(Problem):
For every line below, restate it exactly and drop the images.

(Data block):
▶

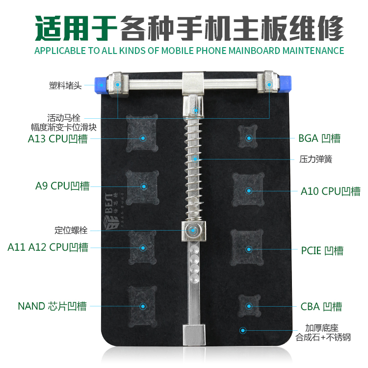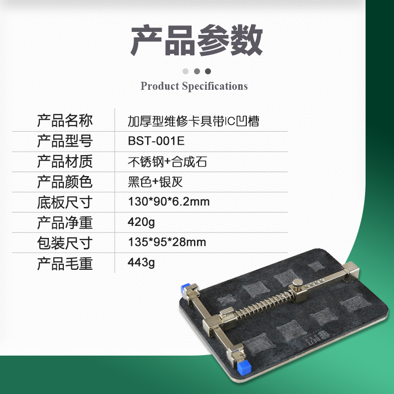 ? 产品名称: 加厚型维修卡具带IC凹槽 维修夹具平台(黑色)? 产品型号: BST-001E? 产品类别: 维修卡具系列
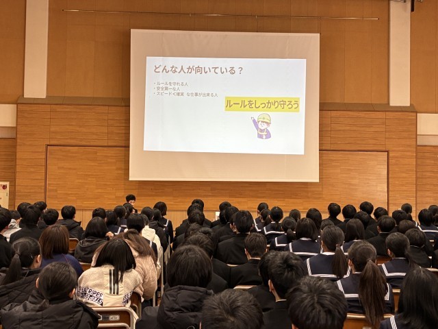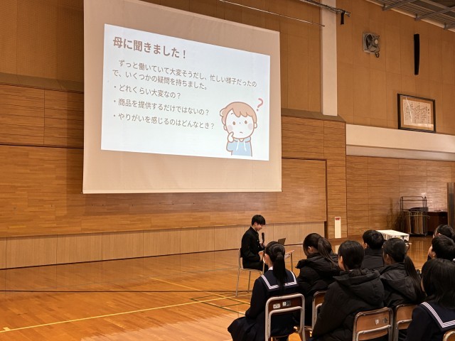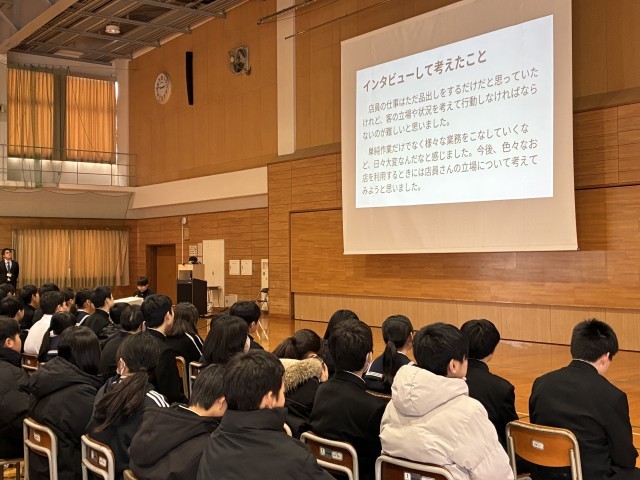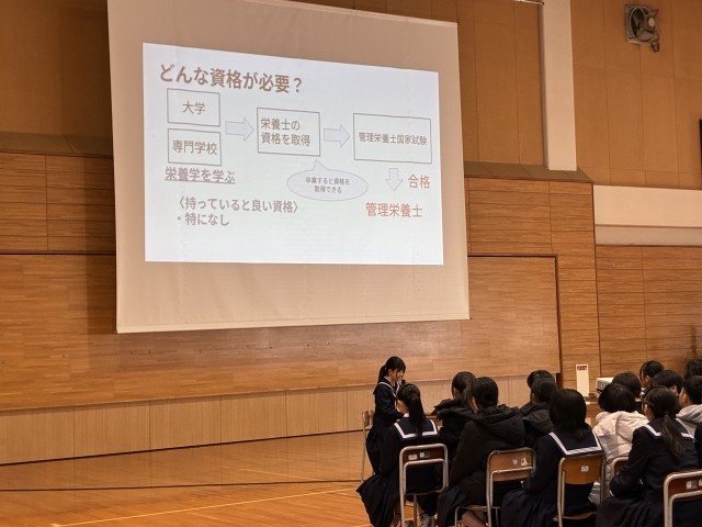 2月2日(月)1学年 職業調べ学年発表会 公開日 2026/02/03 更新日 2026/02/02 1学年 職業調べ発表会のクラスの代表に発表をしてもらいました。わかりやすいスライドを使い、調べた職業について細かく発表してくれました。今日聞いた職業につくために中学生が今、身に付けておかなければならない力についても、代表のみんなから教わりました。本当に素晴らしい発表でした。 +3 1年生 2年生 3年生 学校行事 授業参観 PTA
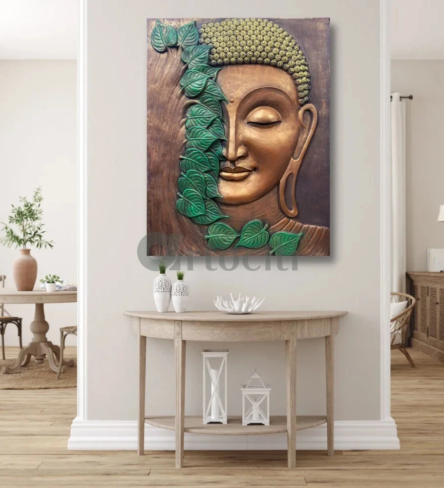 Our breathtaking Meditating Buddha Face 3D mural, a perfect choice for creating an elevated and serene ambiance. Crafted in fiberglass, this masterpiece showcases the tranquil face of a meditating Buddha in exquisite detail. Available in a combination of golden bronze and green colors, this mural captures the essence of spirituality and harmony. The golden bronze color exudes warmth and elegance, while the touch of green adds a refreshing and calming element. The relief technique used in crafting this mural brings depth and dimension to the Buddha’s serene visage, creating a captivating focal point. Made with high-quality fiberglass, this mural is not only visually stunning but also durable and long-lasting. Whether it’s a meditation space, a yoga studio, or a peaceful corner in your home, this Meditating Buddha Face 3D mural will elevate the atmosphere, inspiring serenity, inner peace, and mindfulness. Choose our Meditating Buddha Face 3D mural to transform any space into a haven of tranquility and enlightenment.

◀

(Written response):
 ? 产品名称: 加厚型维修卡具带IC凹槽 维修夹具平台(黑色)? 产品型号: BST-001E? 产品类别: 维修卡具系列
 2月2日(月)1学年 職業調べ学年発表会 公開日 2026/02/03 更新日 2026/02/02 1学年 職業調べ発表会のクラスの代表に発表をしてもらいました。わかりやすいスライドを使い、調べた職業について細かく発表してくれました。今日聞いた職業につくために中学生が今、身に付けておかなければならない力についても、代表のみんなから教わりました。本当に素晴らしい発表でした。 +3 1年生 2年生 3年生 学校行事 授業参観 PTA
 Our breathtaking Meditating Buddha Face 3D mural, a perfect choice for creating an elevated and serene ambiance. Crafted in fiberglass, this masterpiece showcases the tranquil face of a meditating Buddha in exquisite detail. Available in a combination of golden bronze and green colors, this mural captures the essence of spirituality and harmony. The golden bronze color exudes warmth and elegance, while the touch of green adds a refreshing and calming element. The relief technique used in crafting this mural brings depth and dimension to the Buddha’s serene visage, creating a captivating focal point. Made with high-quality fiberglass, this mural is not only visually stunning but also durable and long-lasting. Whether it’s a meditation space, a yoga studio, or a peaceful corner in your home, this Meditating Buddha Face 3D mural will elevate the atmosphere, inspiring serenity, inner peace, and mindfulness. Choose our Meditating Buddha Face 3D mural to transform any space into a haven of tranquility and enlightenment.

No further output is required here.